Review: Beneath the Blue Rinse, Park Theatre
3.0stars

Raise your hand if you’ve ever had a grandparent be taken advantage of by some sort of salesperson. My hand is raised, and yours probably is, too. Older people being tricked into buying things that are overpriced and unnecessary (double glazing, new driveways, alarm systems, etc) is unfortunately seemingly quite common. It takes a special kind of arsehole to intimidate an old lady into giving away her cash on her doorstep, but it happens. Beneath the Blue Rinse imagines a world where it doesn’t anymore, because 75-year-old Flora (Mariene Sidaway) has had enough. With her ‘fuck buddy’ (yes, you read that right) George (Ian Redford) and the O.P.A.L (Older Person’s Armed League), she’s starting a terrorist movement that demands the elderly receive the respect they deserve.

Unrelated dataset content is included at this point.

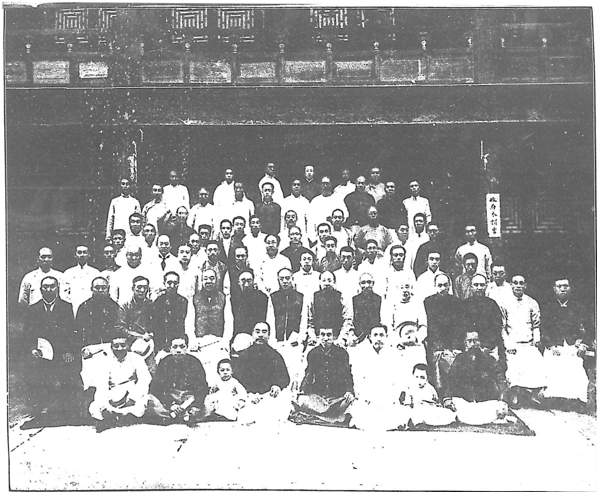
提 倡 內 國 公 債 會 第 二 次 大 會 攝 影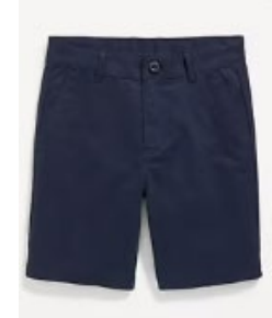
Navy or Khaki Chino Pants or Shorts

The show starts when the sleaziest sleazebag that ever lived, alarm system salesman Simon (Kevin Tomlinson), happens to have the bad luck of being assigned to visit Flora. She begins the visit as very much the unassuming, gentle, bumbling old lady. She offers tea and homemade lemon drizzle cake and talks about her dead husband. However, Flora isn’t all that she seems. Her true intentions, pioneering the world’s first geriatric terrorist group, soon become clear, and before we know it she’s got Simon tied up at gunpoint. Beneath the Blue Rinse then half-heartedly recreates that famous scene from Reservoir Dogs (you know, the one with the song by Steeler’s Wheel) and sees Flora ‘torture’ Simon by pouring lukewarm tea on his face and not letting him get up to go to the loo.

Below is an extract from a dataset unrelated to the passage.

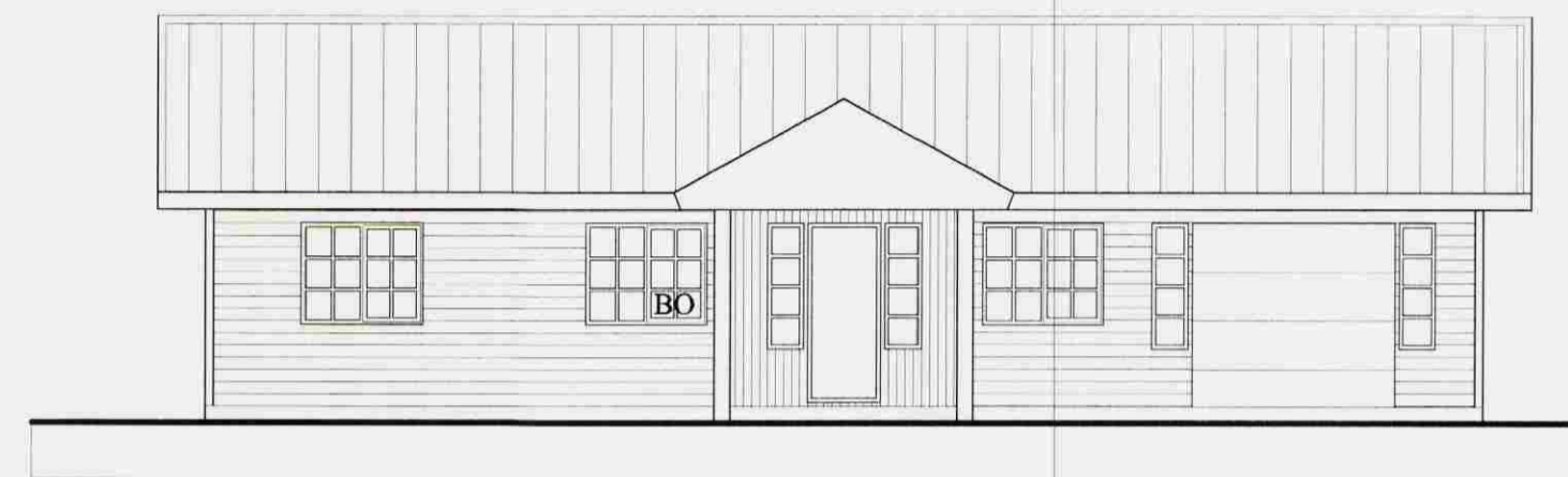
ÚTLIT SUÐUR 1:100

The concept is fantastic, but writer Tom Glover doesn’t take it far enough. In fact, he doesn’t really take it anywhere. Perhaps I’m bloodthirsty as a result of having watched too much Game of Thrones, but thirty minutes in I find myself wondering when she’ll get the job done. If Simon had absolutely any redeemable qualities whatsoever then maybe we’d be rooting for him, but he doesn’t. He’s a liar, a cheat, and is openly disgusted by the elderly. I almost look forward to Flora and George knocking him off, but alas, we get no such satisfaction.

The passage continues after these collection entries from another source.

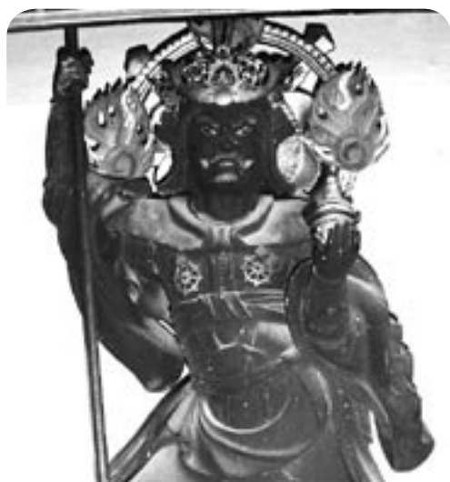
毘沙門天像 水生寺 (河原市) 蔵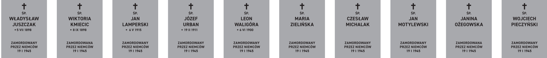
Ofiary zbrodni w lesie Skarszewskim 19 stycznia 1945 r.; wielkość płyt z napisami – 46 x 60 cm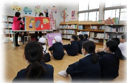
【読み聞かせの様子】

命の大切さや責任をもって生き物を飼うことなどを、普段から意識して生活している子供たちですが、今回の紙芝居を通してより具体的に考えることができました。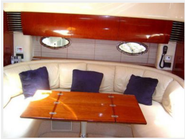
Sofa / Dinette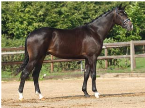
Ibrox Park

stoupeni „Hřebci roku“, GP skokani a drezuristé.

The programme promises “Tarantino meets Last of the Summer Wine”, but it’s sadly much more of the latter. Sidaway as the radicalised OAP begins brilliantly volatile, while Tomlinson as Simon is despicably slimy, although occasionally tips over into panto villain territory. I was hoping for an over 60’s Killing Eve, or Grace and Frankie with balaclavas, but Beneath the Blue Rinse is a lukewarm attempt. I mean, look at its name. It does little to really take the elderly seriously and is still chocked full of boring stereotypes. If Glover did away with these and sent Flora on a proper “killing spree” then he’d not only be creating a complex, elderly female character who does more than knit and watch Countdown, but he might have a serious hit on his hands, too.